Millions of expats around the world have the same experience when enjoying the food they grew up with, but rarely are they given a forum to share those stories. Abhishek Thapar’s gently moving and deeply thoughtful dinner party provides just such a vehicle for three expats living in Amsterdam and another three who have made Adelaide their home. Entering the performance space, we’re asked to separate from our companions and take a seat at one of three tables laden with food. It’s a gentle way to ensure that we are fully immersed in our surroundings and ready to take in the stories that emerge, and by putting everyone on equal footing it stimulates conversation from the outset. Each table hosts one expat each from Amsterdam and Adelaide, and they use their chosen dishes as a trojan horse to tell the stories of how they came to their new homes and the experiences that awaited them before moving to the next table.

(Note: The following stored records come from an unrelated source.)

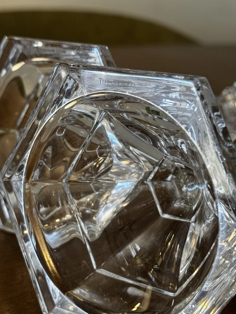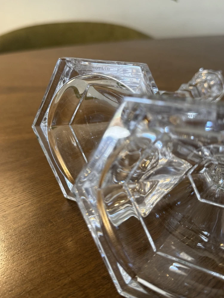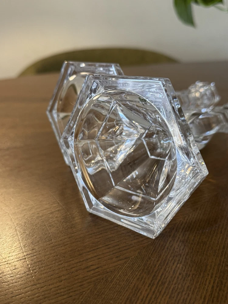 Features: Retired, signed Room: Any Room Brand: Tiffany & Co. Customized: No Number in Pack: 2 Original/Reproduction: Original Country/Region of Manufacture: Germany Item Width: approx. 4" base Finish: Smooth Item Length: approx. 9" Style: Traditional Item Height: approx. 9" Type: Candle Holder Era: Late 20th Century (1970-1999) Occasion: All Occasions Antique: No Suitable For: Furniture Department: Adults Engraved: No Material: Crystal, Glass Color: Clear
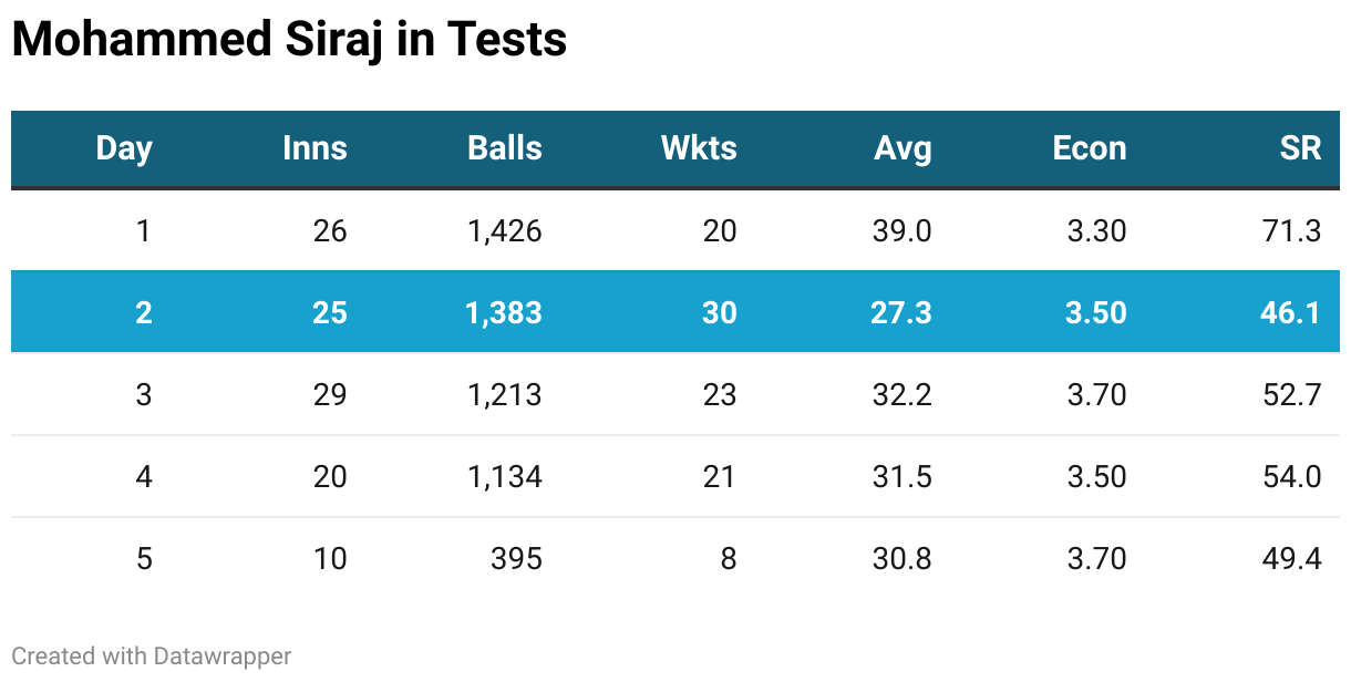 Mohammed Siraj will have a massive responsibility on Day 2 as the express pacer must lead the bowling attack in the absence of Jasprit Bumrah. In his career so far, Siraj's best bowling has been on Day 2 as he taken 30 wickets at an average of 27.3, which is the most wickets and best average for him in a day. He could turn out to be the best bowler on the day.
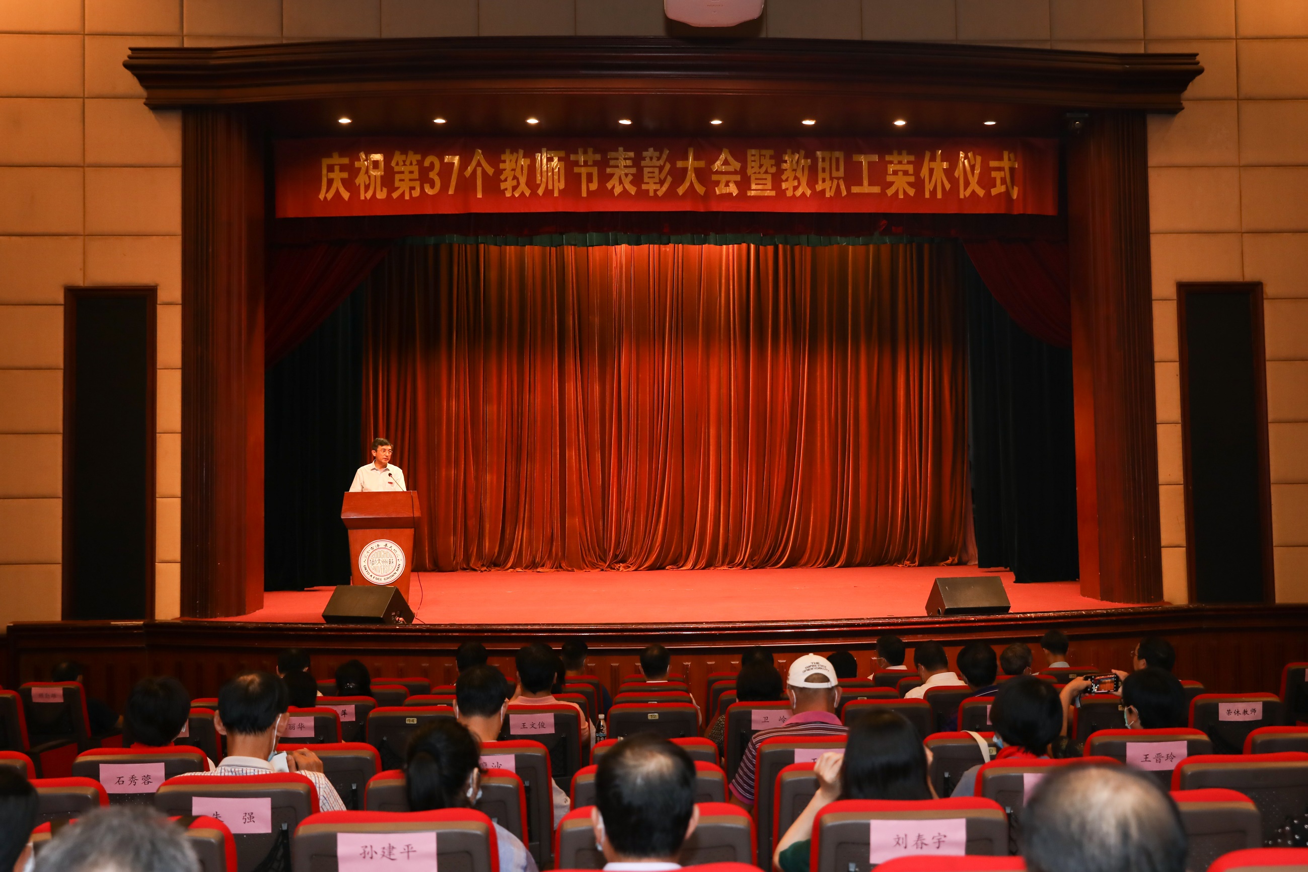 9月9日下午,我校在天赐庄校区敬贤堂召开庆祝第37个教师节表彰大会暨教职工荣休仪式。全体校领导,“高尚师德”奖教金获奖教师,荣休教职工及工作满30年的教职工代表,各学院(部)、部门、直属单位的主要负责人和师生代表参加了会议。会议由校长熊思东主持。
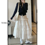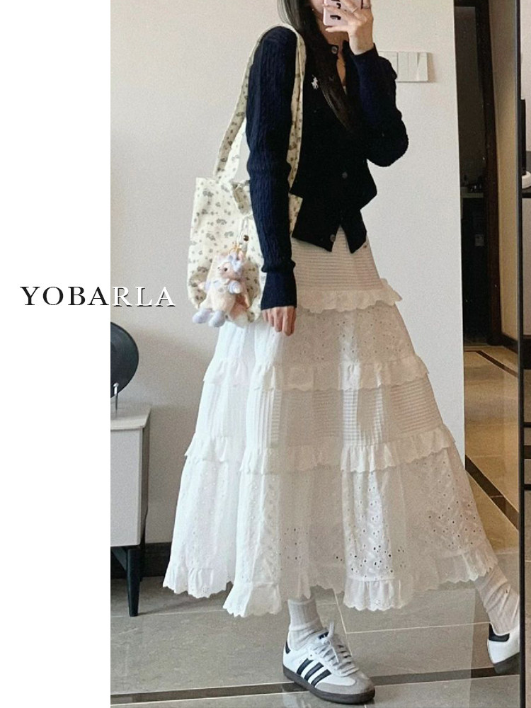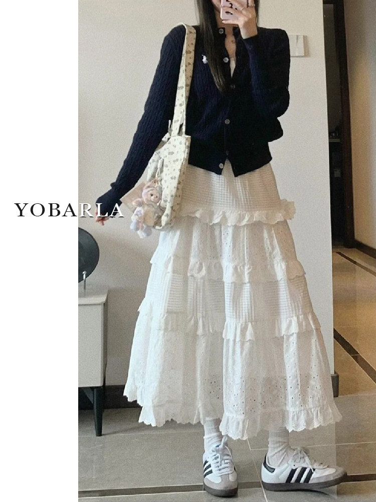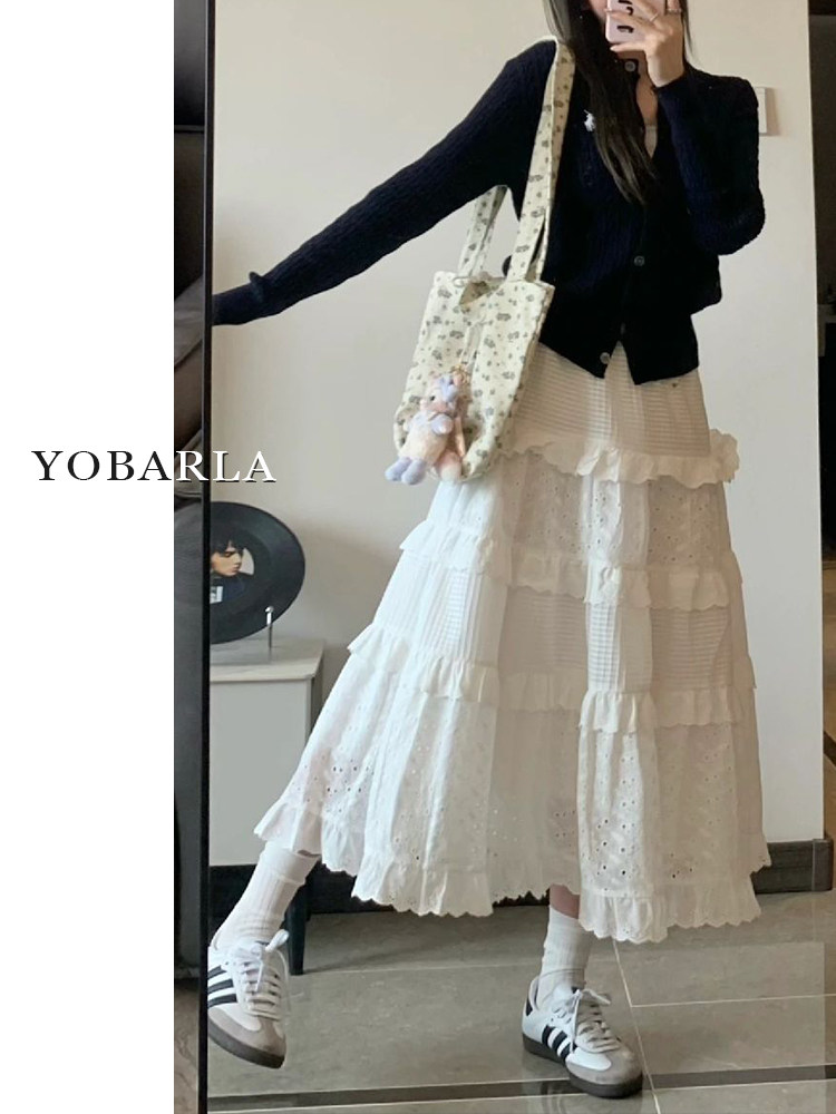 Белая кружевная летняя длинная юбка, большой размер, средней длины, А-силуэт
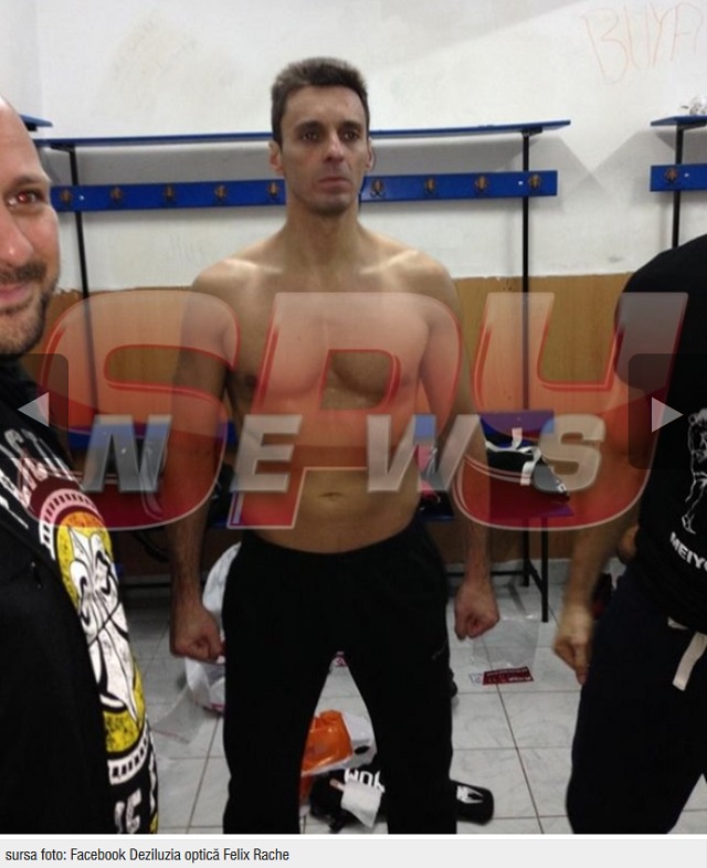 20.22 : Mircea Badea se află în ring alături de Teodor Emi. Sunt îmbrăcaţi în ţinute speciale. Prezentatorul tv poartă tibiere elastice special confecţionate pentru sportivii de performanţă.

Singer/songwriter Elsy Wameyo serves up traditional Kenyan kachumbari salsa and sukuma (stewed greens) alongside sliders that represent the food she learned to bring in her school lunchbox to avoid being alienated by the other children. Other recipes have evolved into palimpsests which tell stories large and small. The ingredients in a Johor Bahru laksa serve as a record of centuries of migration, while a personalised Long Island Iced Tea with cinnamon from India and genever from Amsterdam records a happily peripatetic life.
This leads to the idea that traditions are important because they connect us to where we come from, but sometimes they need to be changed. A cup of chai simultaneously serves as a joyful reminder of home and the decision not to follow the Karwa Chauth ritual that requires wives to fast and pray for their husbands. This theme of home as a fixed entity in the past and a mutable concept that can be adapted and carried within is one that recurs throughout the night.
DyspOra, a rapper who learned to put 'Gabriel' rather than 'Erjok' on his CV, muses about the ongoing effects of the colonial scramble for Africa, the irony of being told to return to his country by people whose ancestors invaded it and the feeling of being an 'Austr-alien' who is Australian when he succeeds and African when he fails in between dropping rhymes and feeding us. He’s an eloquent speaker who has made a living telling stories from the stage, but the opportunity to hear his and his colleague’s deeply personal perspectives on migration and home in this intimate setting is a privilege.
The project’s success can be measured by the fact that the conversations continued long after the performance had officially ended.